Verbatim, and with nothing else, reproduce the data below from its first line through the line containing "Tapabocas Color Blanco".

----------------------------------------

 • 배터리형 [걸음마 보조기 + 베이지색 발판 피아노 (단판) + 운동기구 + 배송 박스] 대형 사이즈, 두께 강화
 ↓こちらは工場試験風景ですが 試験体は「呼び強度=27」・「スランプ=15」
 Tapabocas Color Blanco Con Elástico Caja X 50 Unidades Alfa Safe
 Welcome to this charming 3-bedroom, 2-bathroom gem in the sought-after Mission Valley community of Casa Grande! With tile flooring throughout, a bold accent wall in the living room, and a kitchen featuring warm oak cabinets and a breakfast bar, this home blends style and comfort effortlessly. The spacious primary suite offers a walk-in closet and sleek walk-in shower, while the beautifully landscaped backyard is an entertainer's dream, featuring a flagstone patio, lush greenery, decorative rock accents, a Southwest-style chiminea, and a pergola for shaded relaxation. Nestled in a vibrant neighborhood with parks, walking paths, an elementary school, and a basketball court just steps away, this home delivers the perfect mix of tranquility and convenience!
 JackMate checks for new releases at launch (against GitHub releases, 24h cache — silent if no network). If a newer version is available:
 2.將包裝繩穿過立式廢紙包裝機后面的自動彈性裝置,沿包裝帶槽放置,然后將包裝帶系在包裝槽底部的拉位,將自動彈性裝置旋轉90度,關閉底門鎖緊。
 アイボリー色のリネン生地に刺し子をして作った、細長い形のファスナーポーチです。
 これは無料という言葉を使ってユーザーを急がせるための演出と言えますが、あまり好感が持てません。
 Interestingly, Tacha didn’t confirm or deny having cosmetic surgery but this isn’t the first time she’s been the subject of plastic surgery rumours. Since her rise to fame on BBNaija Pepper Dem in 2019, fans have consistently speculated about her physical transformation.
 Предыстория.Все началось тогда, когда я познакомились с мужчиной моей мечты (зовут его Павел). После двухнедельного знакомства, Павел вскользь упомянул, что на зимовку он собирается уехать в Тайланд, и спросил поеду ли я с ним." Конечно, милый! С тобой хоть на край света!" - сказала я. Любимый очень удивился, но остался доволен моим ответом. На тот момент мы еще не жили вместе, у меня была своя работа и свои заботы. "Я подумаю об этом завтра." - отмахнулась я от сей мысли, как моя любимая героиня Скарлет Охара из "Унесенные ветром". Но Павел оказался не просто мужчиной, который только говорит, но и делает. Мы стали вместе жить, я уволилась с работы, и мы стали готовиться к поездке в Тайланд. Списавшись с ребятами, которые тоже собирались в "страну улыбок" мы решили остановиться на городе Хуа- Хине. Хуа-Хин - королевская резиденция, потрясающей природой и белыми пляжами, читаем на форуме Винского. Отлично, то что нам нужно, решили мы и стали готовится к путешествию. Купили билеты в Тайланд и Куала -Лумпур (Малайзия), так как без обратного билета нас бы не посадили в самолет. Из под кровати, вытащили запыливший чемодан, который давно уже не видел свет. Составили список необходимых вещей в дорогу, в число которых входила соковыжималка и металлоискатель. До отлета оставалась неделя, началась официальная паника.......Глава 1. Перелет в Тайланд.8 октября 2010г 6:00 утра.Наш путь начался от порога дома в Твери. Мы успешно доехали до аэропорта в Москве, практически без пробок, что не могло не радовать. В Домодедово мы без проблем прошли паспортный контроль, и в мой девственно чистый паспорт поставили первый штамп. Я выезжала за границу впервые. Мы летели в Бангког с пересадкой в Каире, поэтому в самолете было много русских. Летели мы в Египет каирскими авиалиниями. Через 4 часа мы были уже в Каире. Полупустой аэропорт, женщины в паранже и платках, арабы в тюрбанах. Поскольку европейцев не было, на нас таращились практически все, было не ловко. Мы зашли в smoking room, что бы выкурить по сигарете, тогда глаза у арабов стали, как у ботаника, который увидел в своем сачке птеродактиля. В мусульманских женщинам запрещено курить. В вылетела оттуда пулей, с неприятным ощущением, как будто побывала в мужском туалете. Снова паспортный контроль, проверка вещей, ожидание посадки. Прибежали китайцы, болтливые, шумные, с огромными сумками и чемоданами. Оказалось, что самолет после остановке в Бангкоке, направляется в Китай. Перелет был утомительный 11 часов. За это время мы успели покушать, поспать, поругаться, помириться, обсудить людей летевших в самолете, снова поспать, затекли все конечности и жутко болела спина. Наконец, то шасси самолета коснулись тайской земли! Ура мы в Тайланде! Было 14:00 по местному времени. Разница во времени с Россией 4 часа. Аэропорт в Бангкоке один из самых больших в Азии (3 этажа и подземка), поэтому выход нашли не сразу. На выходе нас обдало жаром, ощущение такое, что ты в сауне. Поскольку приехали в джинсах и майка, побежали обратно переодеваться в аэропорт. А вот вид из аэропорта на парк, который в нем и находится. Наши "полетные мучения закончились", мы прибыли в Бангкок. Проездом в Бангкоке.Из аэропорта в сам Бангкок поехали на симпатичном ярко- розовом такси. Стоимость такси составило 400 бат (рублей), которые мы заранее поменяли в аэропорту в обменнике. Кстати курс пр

----------------------------------------

SOLUTION:
 • 배터리형 [걸음마 보조기 + 베이지색 발판 피아노 (단판) + 운동기구 + 배송 박스] 대형 사이즈, 두께 강화
 ↓こちらは工場試験風景ですが 試験体は「呼び強度=27」・「スランプ=15」
 Tapabocas Color Blanco Con Elástico Caja X 50 Unidades Alfa Safe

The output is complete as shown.